[Records from a collection]

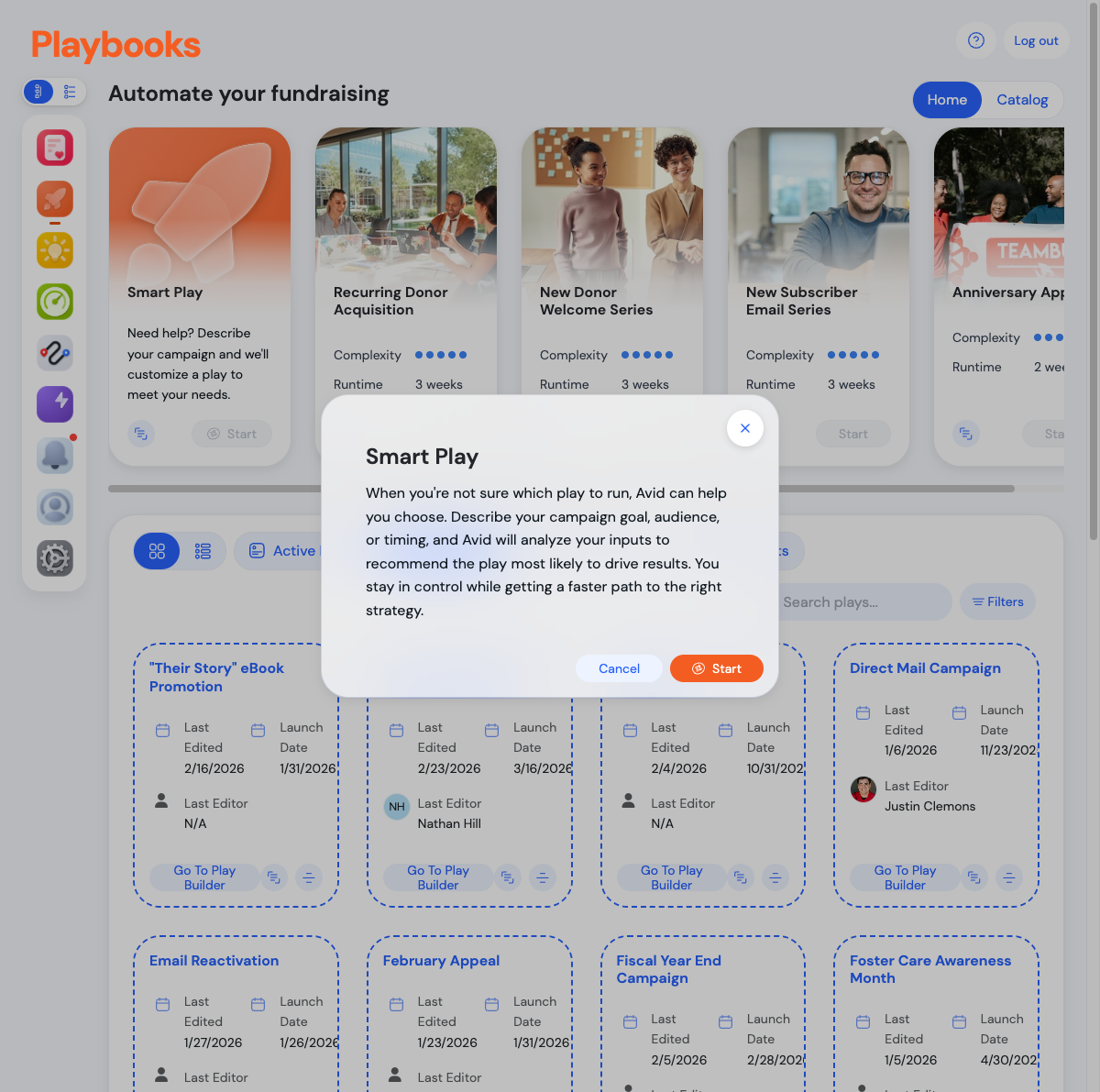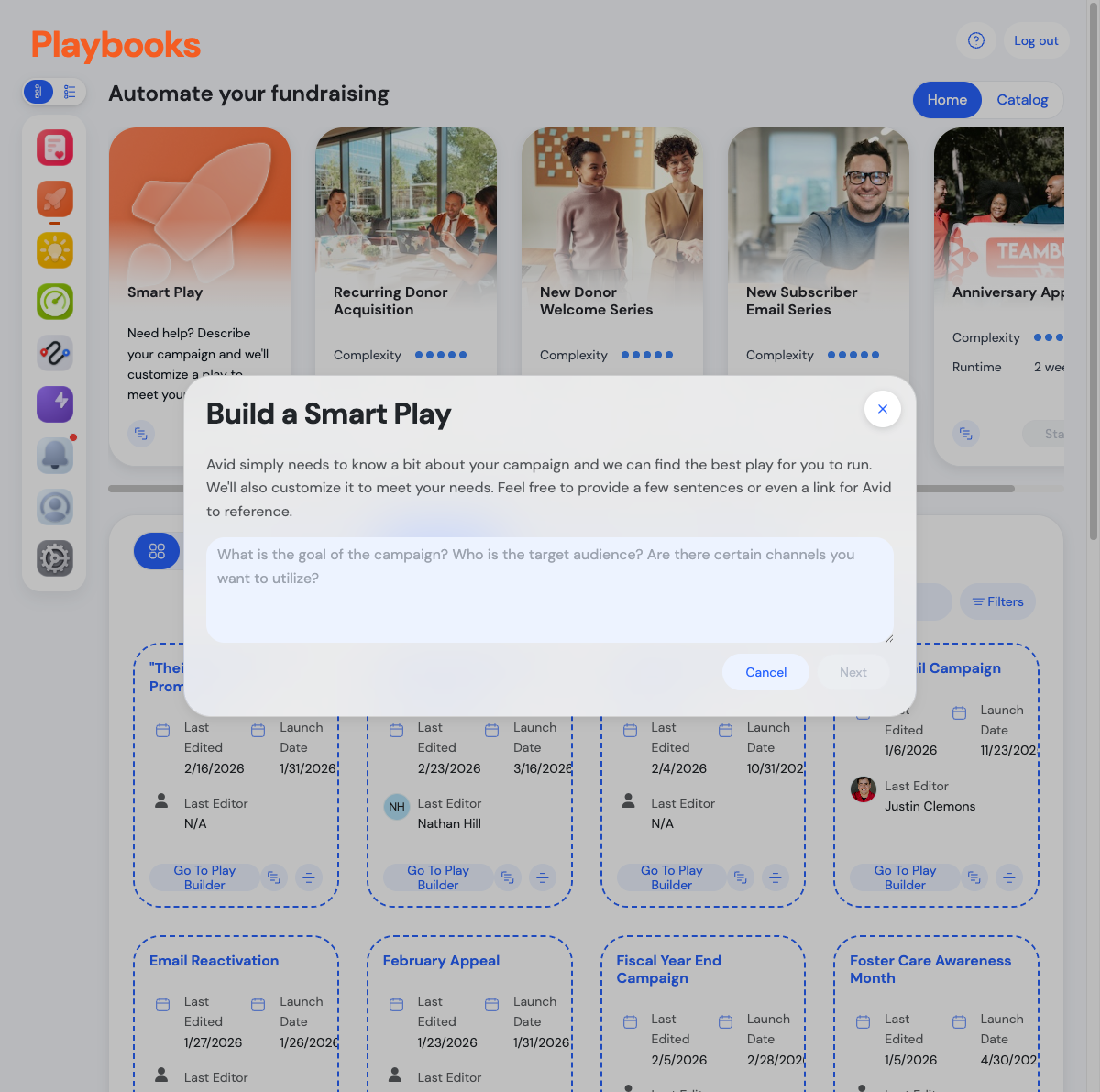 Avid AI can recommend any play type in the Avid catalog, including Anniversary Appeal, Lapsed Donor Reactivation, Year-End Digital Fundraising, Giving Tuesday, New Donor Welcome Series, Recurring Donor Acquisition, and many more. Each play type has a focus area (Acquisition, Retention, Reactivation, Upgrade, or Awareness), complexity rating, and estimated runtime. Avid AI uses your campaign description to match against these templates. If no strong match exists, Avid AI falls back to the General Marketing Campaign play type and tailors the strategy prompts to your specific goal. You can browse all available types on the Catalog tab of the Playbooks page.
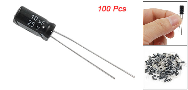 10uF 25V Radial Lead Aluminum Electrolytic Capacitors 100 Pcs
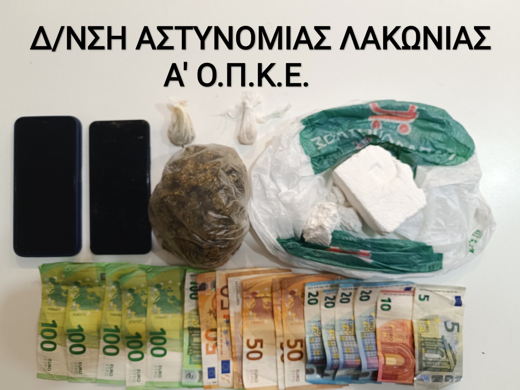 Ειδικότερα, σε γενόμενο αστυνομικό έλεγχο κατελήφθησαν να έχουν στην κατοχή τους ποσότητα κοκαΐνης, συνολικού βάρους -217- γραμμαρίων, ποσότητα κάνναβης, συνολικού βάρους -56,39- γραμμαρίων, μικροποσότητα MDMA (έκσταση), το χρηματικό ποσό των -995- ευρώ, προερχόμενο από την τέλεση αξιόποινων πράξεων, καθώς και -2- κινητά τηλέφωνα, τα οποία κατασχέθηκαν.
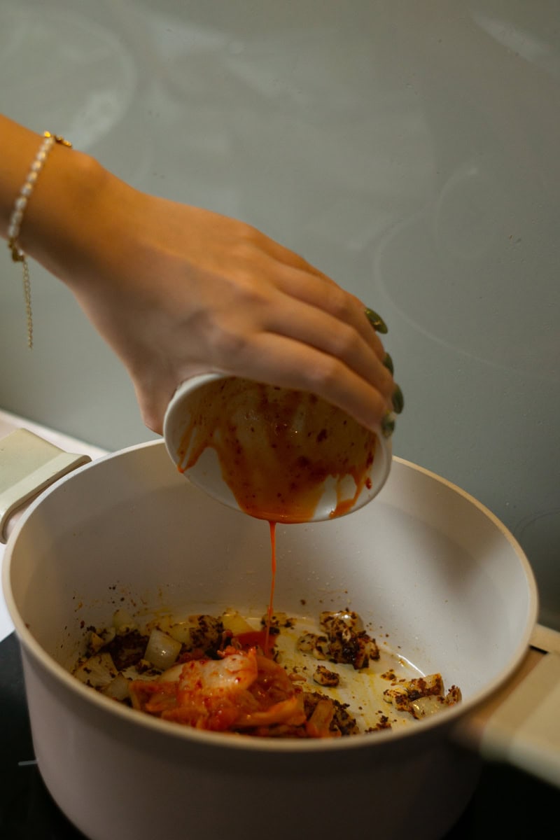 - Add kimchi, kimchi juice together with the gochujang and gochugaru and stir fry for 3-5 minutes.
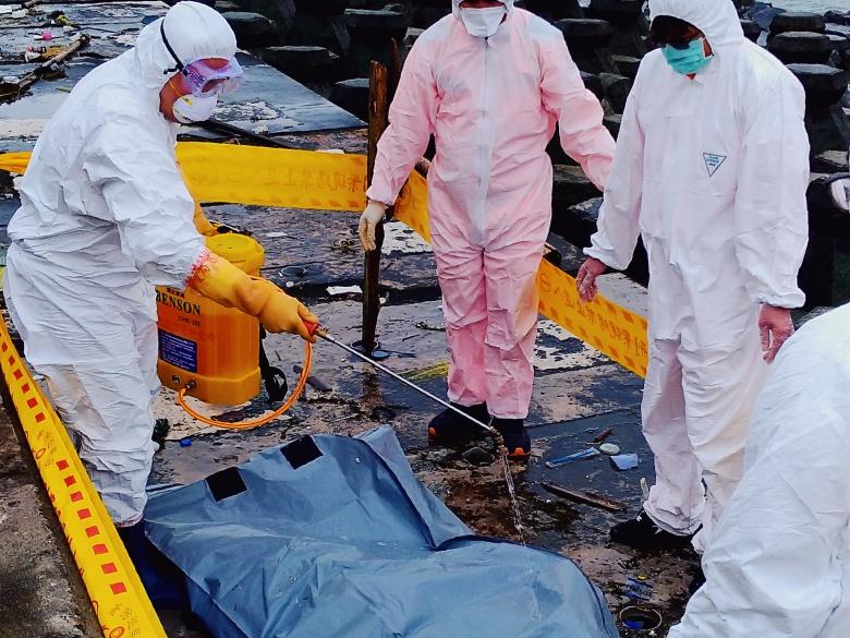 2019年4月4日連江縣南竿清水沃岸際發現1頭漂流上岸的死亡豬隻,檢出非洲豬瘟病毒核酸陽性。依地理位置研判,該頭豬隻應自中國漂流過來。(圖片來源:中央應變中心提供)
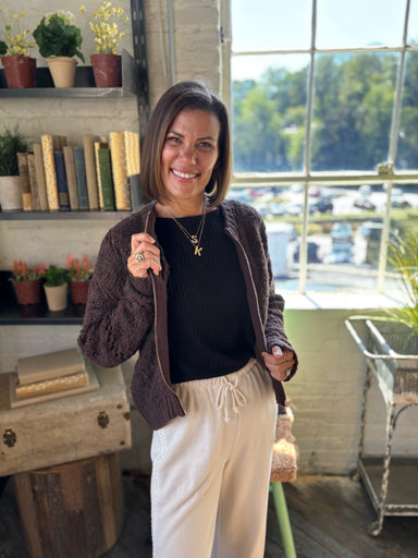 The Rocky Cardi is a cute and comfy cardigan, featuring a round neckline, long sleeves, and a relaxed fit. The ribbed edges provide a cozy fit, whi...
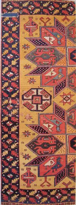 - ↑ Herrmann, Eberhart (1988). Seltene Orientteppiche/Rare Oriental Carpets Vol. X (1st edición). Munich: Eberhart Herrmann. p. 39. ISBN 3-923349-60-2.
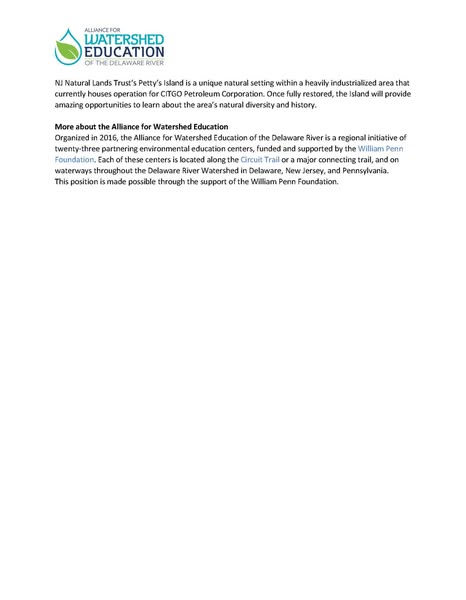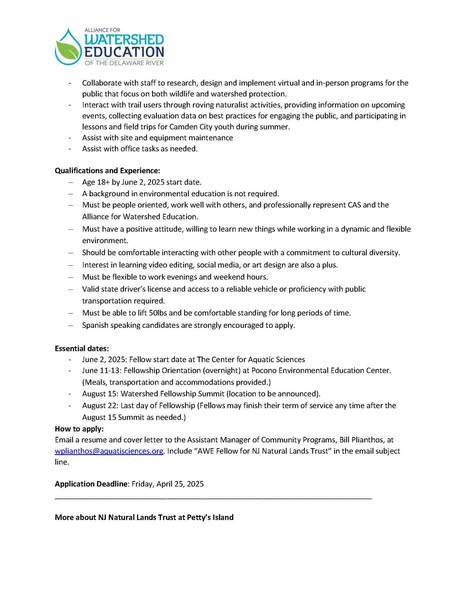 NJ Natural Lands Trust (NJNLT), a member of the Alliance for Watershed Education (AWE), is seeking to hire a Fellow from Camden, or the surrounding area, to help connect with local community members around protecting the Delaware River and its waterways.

* WORK INSTRUCTIONS
Please print every record exactly, leaving out the pictures.

* RESPONSE
 Avid AI can recommend any play type in the Avid catalog, including Anniversary Appeal, Lapsed Donor Reactivation, Year-End Digital Fundraising, Giving Tuesday, New Donor Welcome Series, Recurring Donor Acquisition, and many more. Each play type has a focus area (Acquisition, Retention, Reactivation, Upgrade, or Awareness), complexity rating, and estimated runtime. Avid AI uses your campaign description to match against these templates. If no strong match exists, Avid AI falls back to the General Marketing Campaign play type and tailors the strategy prompts to your specific goal. You can browse all available types on the Catalog tab of the Playbooks page.
 10uF 25V Radial Lead Aluminum Electrolytic Capacitors 100 Pcs
 Ειδικότερα, σε γενόμενο αστυνομικό έλεγχο κατελήφθησαν να έχουν στην κατοχή τους ποσότητα κοκαΐνης, συνολικού βάρους -217- γραμμαρίων, ποσότητα κάνναβης, συνολικού βάρους -56,39- γραμμαρίων, μικροποσότητα MDMA (έκσταση), το χρηματικό ποσό των -995- ευρώ, προερχόμενο από την τέλεση αξιόποινων πράξεων, καθώς και -2- κινητά τηλέφωνα, τα οποία κατασχέθηκαν.
 - Add kimchi, kimchi juice together with the gochujang and gochugaru and stir fry for 3-5 minutes.
 2019年4月4日連江縣南竿清水沃岸際發現1頭漂流上岸的死亡豬隻,檢出非洲豬瘟病毒核酸陽性。依地理位置研判,該頭豬隻應自中國漂流過來。(圖片來源:中央應變中心提供)
 The Rocky Cardi is a cute and comfy cardigan, featuring a round neckline, long sleeves, and a relaxed fit. The ribbed edges provide a cozy fit, whi...
 - ↑ Herrmann, Eberhart (1988). Seltene Orientteppiche/Rare Oriental Carpets Vol. X (1st edición). Munich: Eberhart Herrmann. p. 39. ISBN 3-923349-60-2.
 NJ Natural Lands Trust (NJNLT), a member of the Alliance for Watershed Education (AWE), is seeking to hire a Fellow from Camden, or the surrounding area, to help connect with local community members around protecting the Delaware River and its waterways.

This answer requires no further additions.